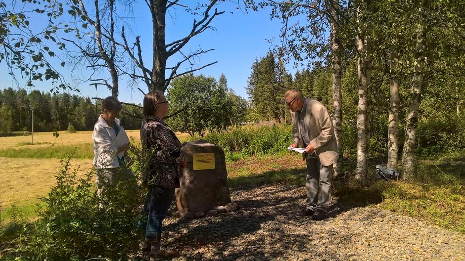 Muistokiven paljastivat puheenjohtaja Jouko Arvola, Turkansaaren edustajana Kaija Niemitalo ja savupirtin lahjoituksessa mukana ollut Pirkko Sorvari
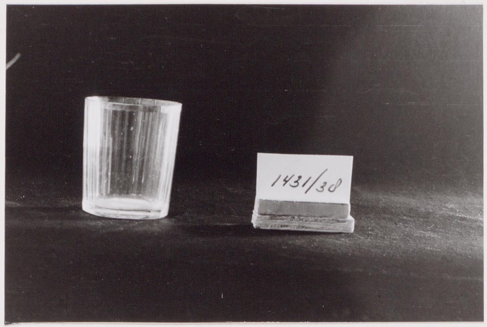Helder kleurloos glas. Vlakke bodem. Cilindrisch, meerkantig gefacetteerd lichaam. Vergulde band onder mondrand.- Trefwoorden
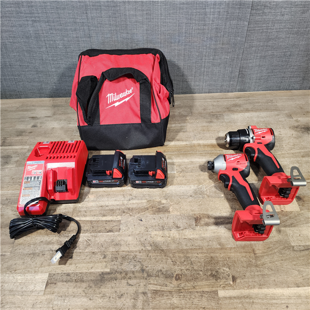 HOUSTON LOCATION - AS-IS Milwaukee M18 18V Lithium-Ion Brushless Cordless Compact Drill/Impact Combo Kit (2-Tool) W/(2) 2.0 Ah Batteries Charger & Bag
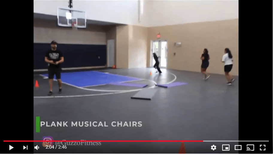 (Group size: 4+) https://youtu.be/Q65K6YWibZ0?t=124 Make a big circle using cones. Put mats in the middle of the circle, one less than number of clients. Clients hop/skip/jump/jog round the circle. Music stops or PT shouts ‘Go’. Clients run to mats and make a plank. Person left standing…forfeit 🎶🪑
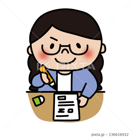 一個綁著辮子、戴著眼鏡的女孩正在考試
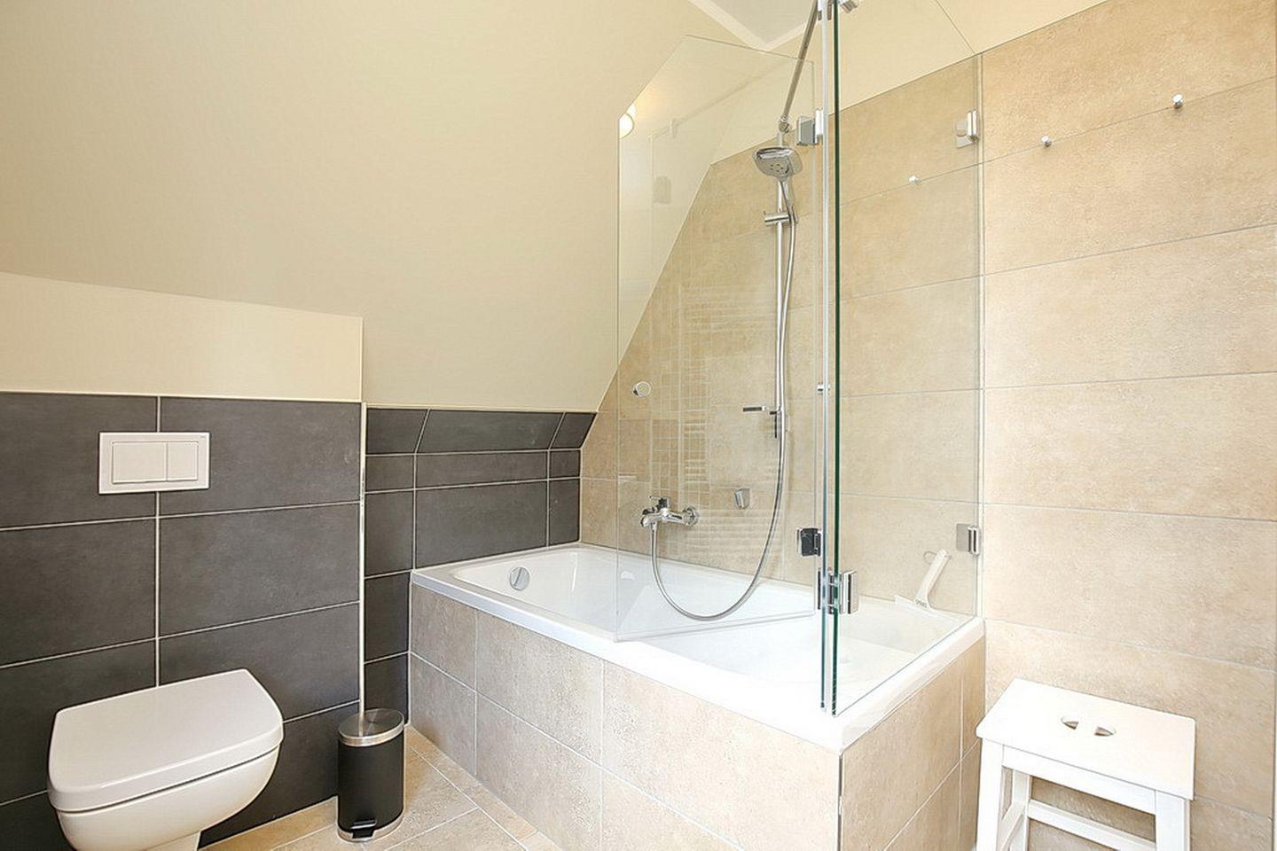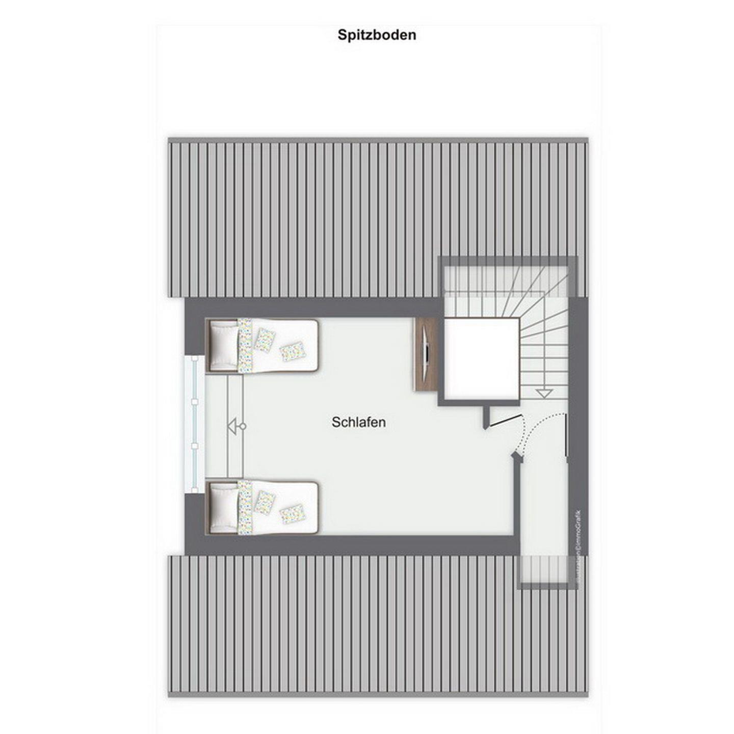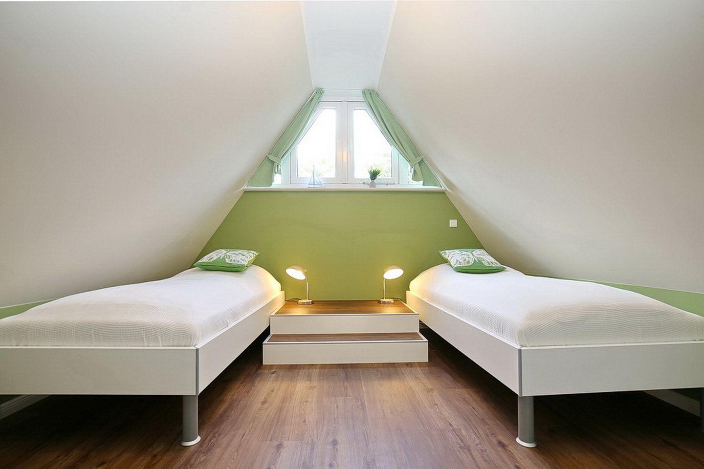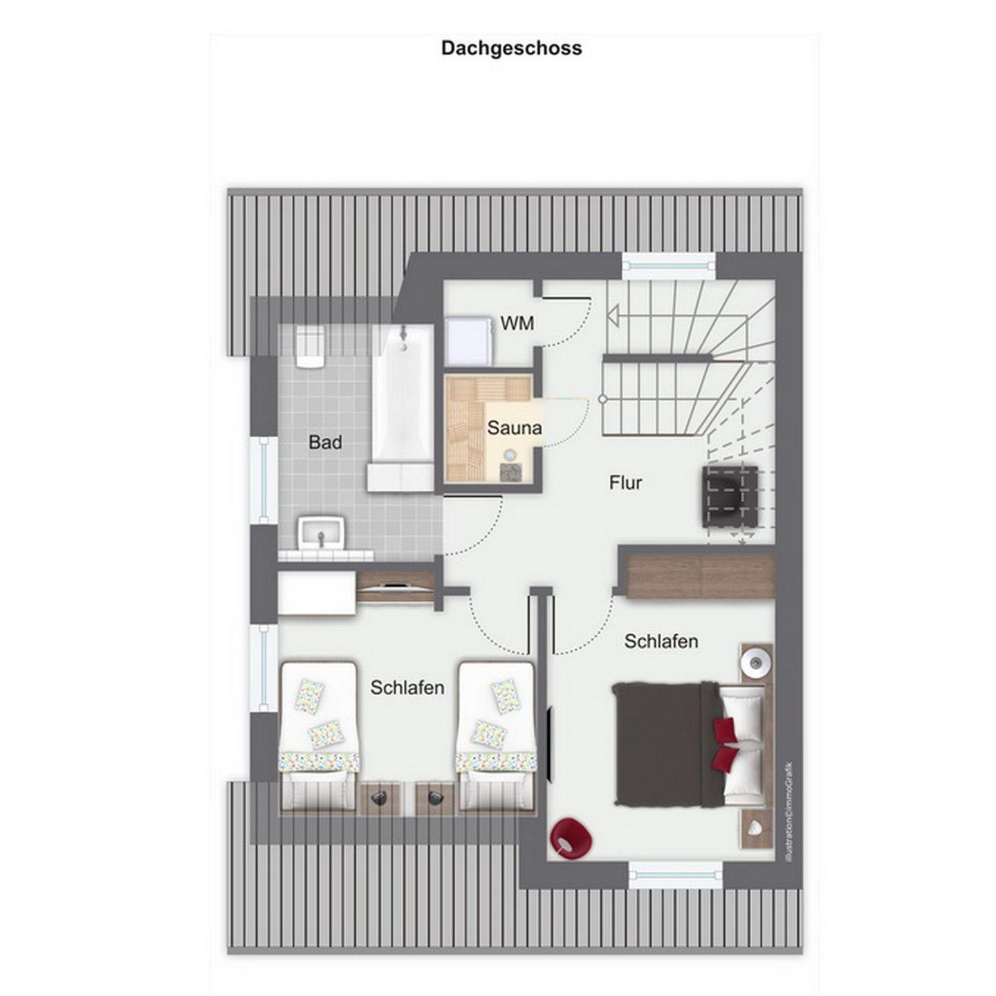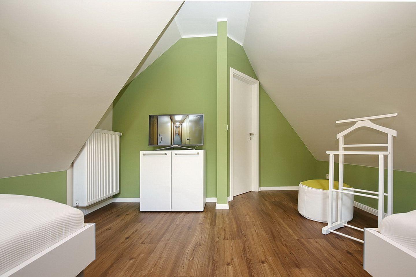In den Schlafzimmern im Dachgeschoss stehen dir ein Doppelbett (180 x 200 cm) bzw. 2 Einzelbetten (90 x 200 cm) und jeweils ein TV sowie Kleiderschränke mit ausreichend Platz für deine Urlaubsgarderobe zur Verfügung. Des Weiteren verfügt das Dachgeschoss über ein Bad mit Badewanne sowie den Flur.

___

▶ **TASK PROMPT**
Write out the whole listing above exactly; do not include the pictures.

▶ **ANSWER SPACE**
 Muistokiven paljastivat puheenjohtaja Jouko Arvola, Turkansaaren edustajana Kaija Niemitalo ja savupirtin lahjoituksessa mukana ollut Pirkko Sorvari
Helder kleurloos glas. Vlakke bodem. Cilindrisch, meerkantig gefacetteerd lichaam. Vergulde band onder mondrand.- Trefwoorden
 HOUSTON LOCATION - AS-IS Milwaukee M18 18V Lithium-Ion Brushless Cordless Compact Drill/Impact Combo Kit (2-Tool) W/(2) 2.0 Ah Batteries Charger & Bag
 (Group size: 4+) https://youtu.be/Q65K6YWibZ0?t=124 Make a big circle using cones. Put mats in the middle of the circle, one less than number of clients. Clients hop/skip/jump/jog round the circle. Music stops or PT shouts ‘Go’. Clients run to mats and make a plank. Person left standing…forfeit 🎶🪑
 一個綁著辮子、戴著眼鏡的女孩正在考試
In den Schlafzimmern im Dachgeschoss stehen dir ein Doppelbett (180 x 200 cm) bzw. 2 Einzelbetten (90 x 200 cm) und jeweils ein TV sowie Kleiderschränke mit ausreichend Platz für deine Urlaubsgarderobe zur Verfügung. Des Weiteren verfügt das Dachgeschoss über ein Bad mit Badewanne sowie den Flur.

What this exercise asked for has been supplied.